There are many delicious replacements you can use instead, including hundreds of different herbal teas. If herbal teas don’t sound appealing, then firstly experiment with a few different ones before discarding the idea entirely.
2). Take up a meditation practice
Meditation and focused breathing exercises can be particularly effective for people with sleep disorders such as insomnia. Mindful meditation has been proven to reduce stress and anxiety by having a positive effect on neurotransmitters and our sleep hormones, whilst controlling stress hormones like cortisol which play havoc with our sleep pattern.
If you’re new to meditation or find it difficult, try guided meditation – the ‘Calm’ app is my favourite for these.
3). Relax in a bath
Soaking in a nice warm tub can be a great way to signal to your body, the transition to rest time has come. Use some lavender oil or light a scented candle and invite the calm into your evening. Beyond the stress-reducing effect, a warm bath also changes your body temperature, which can promote better sleep.
Adding a cup of Epsom salts (also known as magnesium sulphate) to your bath can be beneficial too, for an easy way to boost our body’s levels of magnesium. When magnesium levels are low, the sleep hormone melatonin can become disrupted, and the calming hormone serotonin (which is dependent on magnesium) doesn’t function as well either. Magnesium can also play a key role in regulating blood sugar, which in turn can help create a longer, more undisturbed sleep pattern.

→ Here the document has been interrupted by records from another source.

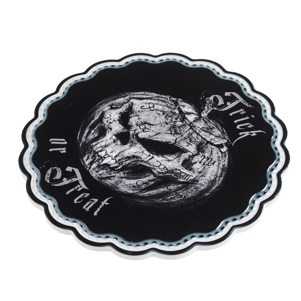 Эта подставка/сервировочная тарелка «Сладость или гадость» предназначен не только для Хэллоуина. На этом мрачновато-красивом изделии можно выставлять угощения круглый год. Спрячьте рисунок под любимым тортом, и после того, как его съедят, это неожиданное произведение искусства в виде тыквенного черепа станет предметом обсуждения среди ваших гостей! Этот уникальный поднос/сервировочная тарелка разработан компанией Alchemy и является частью коллекции высококачественной керамической домашней утвари. Вес и размеры (приблизительно): 20х20х0,8 см. Вес: 377 г. Керамическая подставка/сервировочная тарелка с нескользящей пробковой поверхностью, украшенная оригинальной иллюстрацией Alchemy. Термостойкая и устойчивая к царапинам.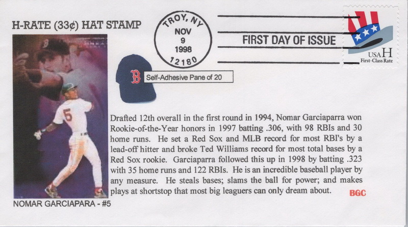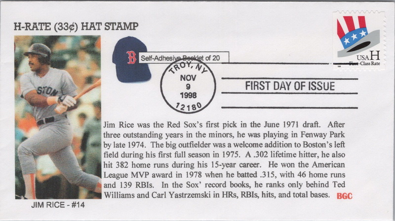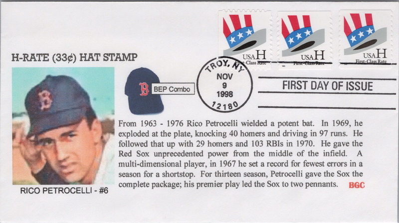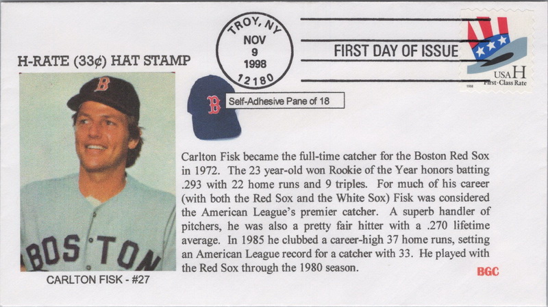 | | Baseball | | 716 | 3264 | 11/9/1998 | "H" Uncle Sam's Hat, coil; Barry & Gerry Covers, Set of 5; Baseball Hats of Rico Petrocelli, Carlton Fisk, Jim Rice, Nomar Garciapara, and Carl Yastrzemski | $30.00 |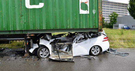 Frontale con un rimorchio posteggiato, nulla da fare per il conducente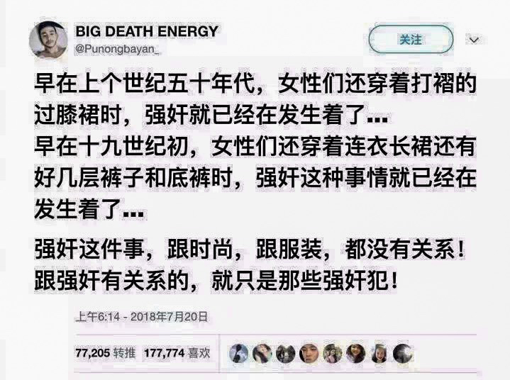 当侵害出现后,总出现一帮人关注的是受害者"错在什么地方啊?"是"你穿的暴露"。

If bathing is not an option, then the use of a high-quality oral magnesium supplement can help, or there are many magnesium creams and oils that allow for magnesium to be raised transdermally.
4). Keep your space tidy and wash your sheets often
It’s difficult to relax in a cluttered room. Keep your bedroom free of clutter, wash your sheets regularly and dry them on the line whenever possible as the UV, helps to kill bacteria. Also, consider the age of your bed since dust mites can take up residence in mattresses and promote allergies, and the mattress may not be as supportive physically for your body.
5). Avoid back-lit electronic devices 2 hours pre-bed
Researchers are finding that artificial light from our electronic devices (TVs, computers, smartphones and tablet) may impact brain chemicals that promote sleep, so the habit of checking our social media or email before bed, or sitting and unwinding to our favourite series on Netflix isn’t such a wise use of our time before bed. Exposure to bright screens before bed has been shown to lower melatonin (sleep hormone) levels by about 22%, so if sleep quality is a problem for you, try creating a new habit of not using backlit devices for 2 hours prior to sleep.
If you must sleep with your phone near you, switch it to airplane mode to prevent any notifications in the middle of the night.